A second-order semi-implicit method for the inertial Landau-Lifshitz-Gilbert equation

TL;DR

This paper introduces a second-order semi-implicit numerical scheme for the inertial Landau-Lifshitz-Gilbert (iLLG) equation, capturing ultrafast magnetization dynamics with hybrid hyperbolic-parabolic behavior, and verifies its accuracy and effectiveness through simulations.

Contribution

A novel second-order semi-implicit method for the complex iLLG equation with proven stability and accuracy, enabling efficient simulation of ultrafast magnetic phenomena.

Findings

The method achieves second-order accuracy in time and space.

It captures inertial effects at sub-picoseconds in simulations.

Results align with theoretical hyperbolic and parabolic behaviors at different timescales.

Abstract

Recent theoretical and experimental advances show that the inertia of magnetization emerges at sub-picoseconds and contributes to the ultrafast magnetization dynamics which cannot be captured intrinsically by the LLG equation.
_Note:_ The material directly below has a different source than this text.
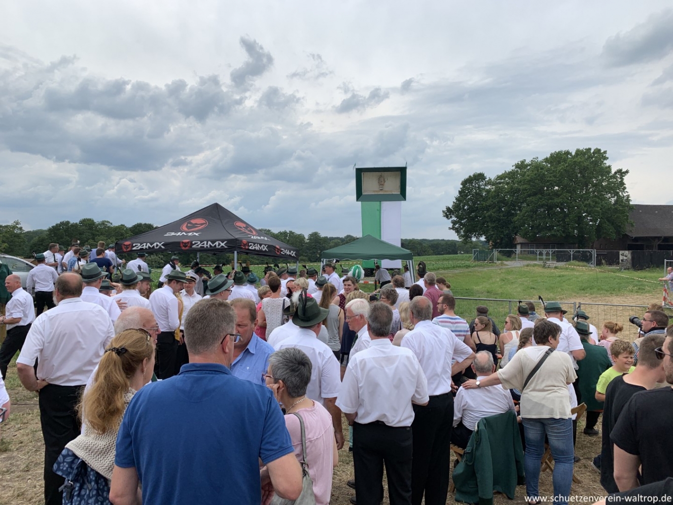 Vorangegangen war ein langes Vogelschießen, das sich erst am Abend um 18.15 Uhr entschied. Zuvor machten es die Insignien schon unterhaltsam, so wurde der Flügel zwar abgeschossen, fiel aber nicht herunter, sondern blieb zunächst im Kugelfang liegen. Die Vogelstange musste heruntergefahren und der Flügel herausgeholt werden.
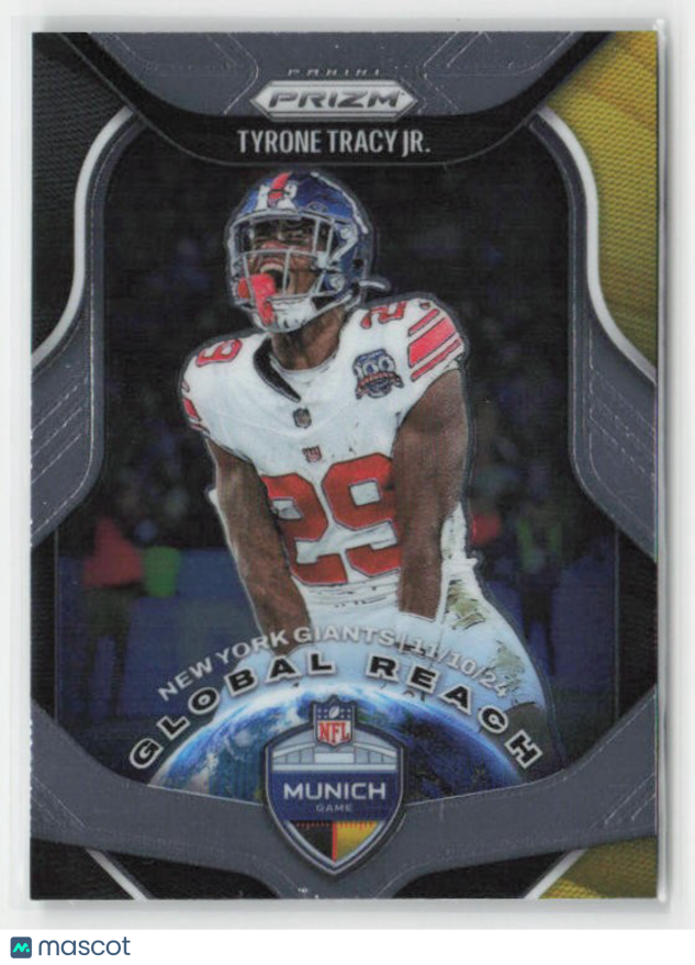You are purchasing a 2025 Panini Prizm Tyrone Tracy Jr. #10 Global Reach insert. You will receive the exact item in the photographs. Thank you for looking.

Therefore, as a generalization, the inertial Landau-Lifshitz-Gilbert (iLLG) equation is proposed to model the ultrafast magnetization dynamics. Mathematically, the LLG equation is a nonlinear system of parabolic type with (possible) degeneracy. However, the iLLG equation is a nonlinear system of mixed hyperbolic-parabolic type with degeneracy, and exhibits more complicated structures. It behaves like a hyperbolic system at the sub-picosecond scale while behaves like a parabolic system at larger timescales. Such hybrid behaviors impose additional difficulties on designing numerical methods for the iLLG equation. In this work, we propose a second-order semi-implicit scheme to solve the iLLG equation. The second temporal derivative of magnetization is approximated by the standard centered difference scheme and the first derivative is approximated by the midpoint scheme involving three time steps. The nonlinear terms are treated semi-implicitly using one-sided interpolation with the second-order accuracy. At each step, the unconditionally unique solvability of the unsymmetric linear system of equations in the proposed method is proved with a detailed discussion on the condition number. Numerically, the second-order accuracy in both time and space is verified. Using the proposed method, the inertial effect of ferromagnetics is observed in micromagnetics simulations at small timescales, in consistency with the hyperbolic property of the model at sub-picoseconds. For long time simulations, the results of the iLLG model are in nice agreements with those of the LLG model, in consistency with the parabolic feature of the iLLG model at larger timescales.